(Task directions) Write the records below out in full, character for character, with no pictures.

Data entries:
□ □ □ □ □ □ □
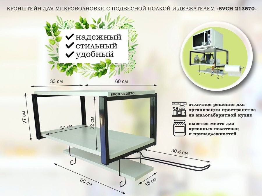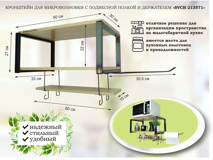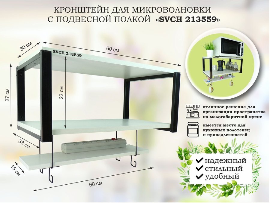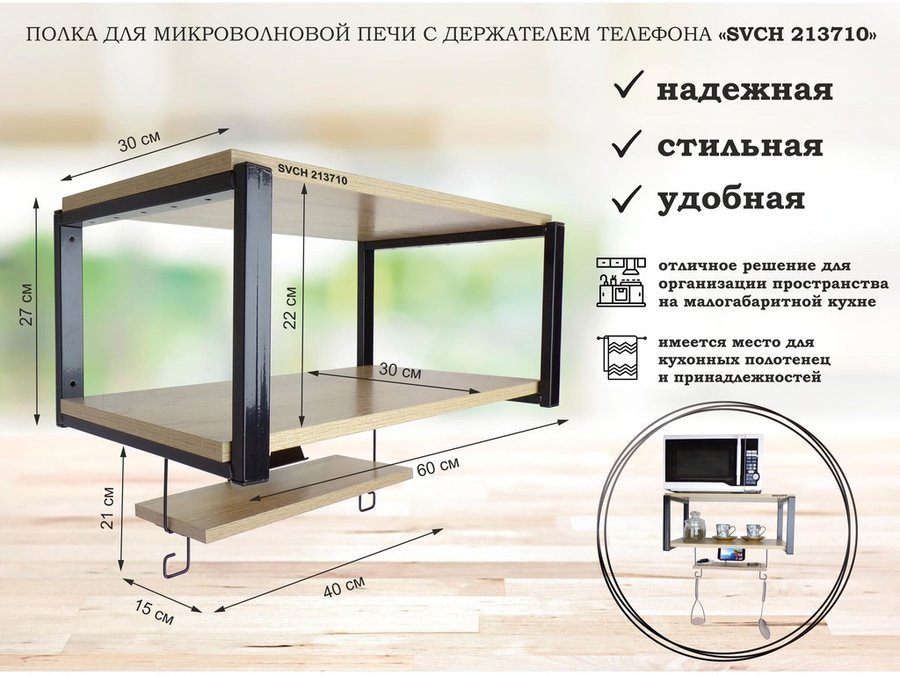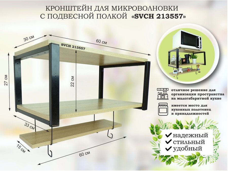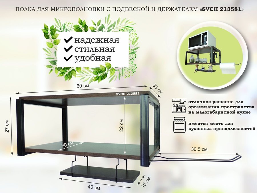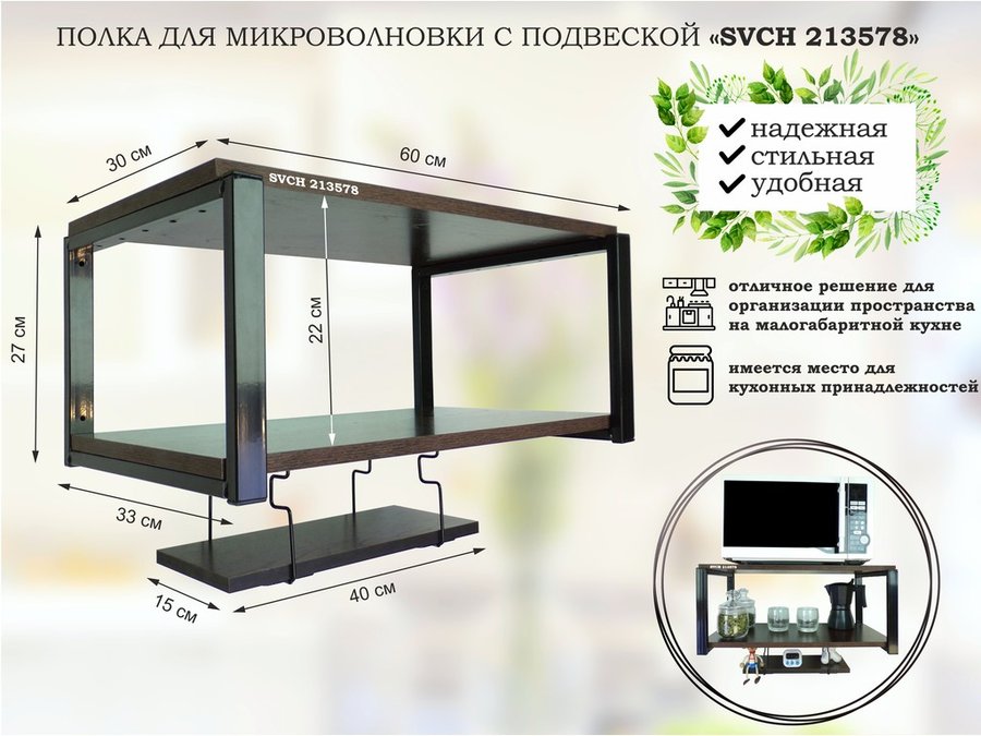 В корзину Купить в 1 клик Полка для микроволновки 60х30см с подвеской 40х15см, 27см, черный "SVCH 213579",сосна, с держателем
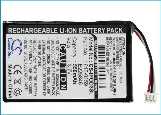 Battery for Apple iPOD 10GB M8976LL/A iPOD 15GB M9460LL/A iPOD 20GB M9244LL/A Compatible with the following devices iPOD 10GB M8976LL/A, iPOD 15GB M9460LL/A, iPOD 20GB M9244LL/A, iPOD 30GB M8948LL/A, iPOD 3th Generation, iPOD 40GB M9245LL/A Compatible with Battery Part Numbers 616-0159, E225846
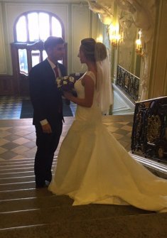Продаю изысканное платье, цвет айвори, силуэт рыбка. Очень красивое декольте и полуоткрытая спинка. Есть шлейф, который пристёгивается на поговицы сзади. Платье расшито дорогим кружевом. состояние отличное, после химчистки. Больше фото могу скинуть в wats up или viber.
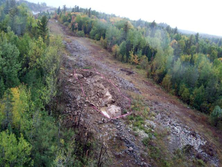 The failure site was located on a high spot of undulating land that was well drained and surrounded on both sides by boreal forest. The TransCanada pipeline easement is located on Crown Land. During the rupture, a portion of a cathodic protection groundbed and the power distribution system for the cathodic protection system were damaged.
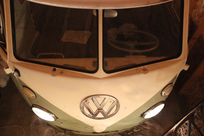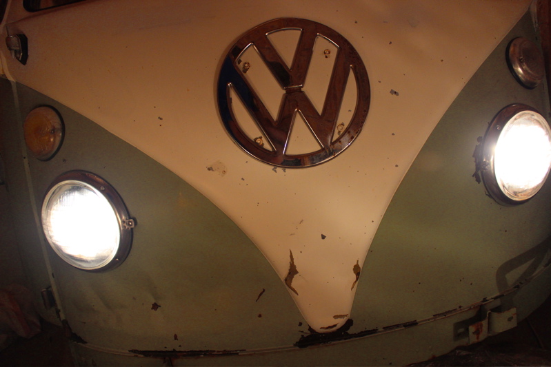 When I pulled the switch, I heard a small spark and the driver-side headlight came on. Partial success! The lazy side of me wanted to call it good, but I kept messing with it. As soon as I turned the lights off and tried to turn them on again, I got nothing. I used the test light to make sure the relay was getting power, but the lights wouldn’t come on. I figured the connector head on the wires might be too rusted (even though I cleaned them yesterday), or maybe that spark had fried the relay. Either way I’m a little pissed, and so I do what I do when I get pissed and start banging things around, pushing buttons, and generally throwing a little tantrum. During this episode, I was prodding and poking around with the test light, and accidentally shorted the live 56 wire with the yellow 56a wire leading to the headlights. A big spark this time, and both headlights came on bright. Success! The headlights are now in functioning order. Once again, I have “fixed” something on the bus by bumbling around and getting lucky. At this rate, I’m going to have this bus out on a road near you any day now; just need to get the turn signals working, brake lights, engine generator, windshield wipers, e-brake, and most likely a lot of other things done first. I’ll keep you posted!
□ □ □ □ □ □ □
(Your solution)
 В корзину Купить в 1 клик Полка для микроволновки 60х30см с подвеской 40х15см, 27см, черный "SVCH 213579",сосна, с держателем
 Battery for Apple iPOD 10GB M8976LL/A iPOD 15GB M9460LL/A iPOD 20GB M9244LL/A Compatible with the following devices iPOD 10GB M8976LL/A, iPOD 15GB M9460LL/A, iPOD 20GB M9244LL/A, iPOD 30GB M8948LL/A, iPOD 3th Generation, iPOD 40GB M9245LL/A Compatible with Battery Part Numbers 616-0159, E225846
Продаю изысканное платье, цвет айвори, силуэт рыбка. Очень красивое декольте и полуоткрытая спинка. Есть шлейф, который пристёгивается на поговицы сзади. Платье расшито дорогим кружевом. состояние отличное, после химчистки. Больше фото могу скинуть в wats up или viber.
 The failure site was located on a high spot of undulating land that was well drained and surrounded on both sides by boreal forest. The TransCanada pipeline easement is located on Crown Land. During the rupture, a portion of a cathodic protection groundbed and the power distribution system for the cathodic protection system were damaged.
 When I pulled the switch, I heard a small spark and the driver-side headlight came on. Partial success! The lazy side of me wanted to call it good, but I kept messing with it. As soon as I turned the lights off and tried to turn them on again, I got nothing. I used the test light to make sure the relay was getting power, but the lights wouldn’t come on. I figured the connector head on the wires might be too rusted (even though I cleaned them yesterday), or maybe that spark had fried the relay. Either way I’m a little pissed, and so I do what I do when I get pissed and start banging things around, pushing buttons, and generally throwing a little tantrum. During this episode, I was prodding and poking around with the test light, and accidentally shorted the live 56 wire with the yellow 56a wire leading to the headlights. A big spark this time, and both headlights came on bright. Success! The headlights are now in functioning order. Once again, I have “fixed” something on the bus by bumbling around and getting lucky. At this rate, I’m going to have this bus out on a road near you any day now; just need to get the turn signals working, brake lights, engine generator, windshield wipers, e-brake, and most likely a lot of other things done first. I’ll keep you posted!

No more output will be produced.